### WHAT TO WORK ON
In the data below, retype exactly the line that contains "Madia alta con" and every line after it, through the last.

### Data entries
- Opening Delimiter -
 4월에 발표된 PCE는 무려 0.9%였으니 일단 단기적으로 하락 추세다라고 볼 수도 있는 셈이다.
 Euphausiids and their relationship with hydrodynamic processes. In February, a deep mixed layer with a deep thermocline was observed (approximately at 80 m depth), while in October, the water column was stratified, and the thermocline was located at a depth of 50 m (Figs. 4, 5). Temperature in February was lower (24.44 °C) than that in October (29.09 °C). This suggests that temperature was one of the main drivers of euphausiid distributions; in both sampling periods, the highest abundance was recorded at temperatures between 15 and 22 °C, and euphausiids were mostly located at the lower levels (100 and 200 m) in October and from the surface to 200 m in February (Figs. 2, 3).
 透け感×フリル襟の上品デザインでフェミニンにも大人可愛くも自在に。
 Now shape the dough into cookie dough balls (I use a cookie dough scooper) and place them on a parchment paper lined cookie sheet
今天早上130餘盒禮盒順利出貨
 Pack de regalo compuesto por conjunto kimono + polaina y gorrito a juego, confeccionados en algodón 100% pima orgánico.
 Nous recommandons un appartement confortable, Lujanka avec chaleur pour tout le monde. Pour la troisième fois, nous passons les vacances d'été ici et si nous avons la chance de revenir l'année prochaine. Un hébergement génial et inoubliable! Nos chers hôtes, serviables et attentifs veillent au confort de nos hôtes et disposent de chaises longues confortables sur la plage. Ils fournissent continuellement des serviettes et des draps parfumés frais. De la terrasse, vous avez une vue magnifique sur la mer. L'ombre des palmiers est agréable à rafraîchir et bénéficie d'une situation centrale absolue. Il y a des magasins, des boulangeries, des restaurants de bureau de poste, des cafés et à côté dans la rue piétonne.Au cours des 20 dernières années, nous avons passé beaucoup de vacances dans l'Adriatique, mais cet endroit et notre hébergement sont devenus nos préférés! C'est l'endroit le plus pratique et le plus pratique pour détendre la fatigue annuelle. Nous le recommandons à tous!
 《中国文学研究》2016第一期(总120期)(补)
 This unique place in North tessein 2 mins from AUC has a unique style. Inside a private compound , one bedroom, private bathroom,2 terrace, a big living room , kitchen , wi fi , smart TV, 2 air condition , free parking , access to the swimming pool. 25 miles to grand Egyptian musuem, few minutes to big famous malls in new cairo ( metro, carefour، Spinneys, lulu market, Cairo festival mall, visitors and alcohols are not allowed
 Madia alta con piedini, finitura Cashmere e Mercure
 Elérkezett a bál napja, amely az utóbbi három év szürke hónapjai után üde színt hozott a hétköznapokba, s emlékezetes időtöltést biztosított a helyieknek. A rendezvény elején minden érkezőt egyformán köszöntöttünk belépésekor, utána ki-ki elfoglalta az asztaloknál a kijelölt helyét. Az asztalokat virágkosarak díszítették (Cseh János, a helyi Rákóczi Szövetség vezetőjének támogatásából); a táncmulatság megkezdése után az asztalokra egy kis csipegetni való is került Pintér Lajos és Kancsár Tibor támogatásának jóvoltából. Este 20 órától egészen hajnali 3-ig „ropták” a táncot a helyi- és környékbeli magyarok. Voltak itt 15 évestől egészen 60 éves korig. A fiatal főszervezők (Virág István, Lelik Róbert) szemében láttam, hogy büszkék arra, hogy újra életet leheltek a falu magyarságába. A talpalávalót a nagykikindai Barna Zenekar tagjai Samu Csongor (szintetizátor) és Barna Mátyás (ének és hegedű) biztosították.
- Closing Delimiter -
### TASK RESPONSE
 Madia alta con piedini, finitura Cashmere e Mercure
 Elérkezett a bál napja, amely az utóbbi három év szürke hónapjai után üde színt hozott a hétköznapokba, s emlékezetes időtöltést biztosított a helyieknek. A rendezvény elején minden érkezőt egyformán köszöntöttünk belépésekor, utána ki-ki elfoglalta az asztaloknál a kijelölt helyét. Az asztalokat virágkosarak díszítették (Cseh János, a helyi Rákóczi Szövetség vezetőjének támogatásából); a táncmulatság megkezdése után az asztalokra egy kis csipegetni való is került Pintér Lajos és Kancsár Tibor támogatásának jóvoltából. Este 20 órától egészen hajnali 3-ig „ropták” a táncot a helyi- és környékbeli magyarok. Voltak itt 15 évestől egészen 60 éves korig. A fiatal főszervezők (Virág István, Lelik Róbert) szemében láttam, hogy büszkék arra, hogy újra életet leheltek a falu magyarságába. A talpalávalót a nagykikindai Barna Zenekar tagjai Samu Csongor (szintetizátor) és Barna Mátyás (ének és hegedű) biztosították.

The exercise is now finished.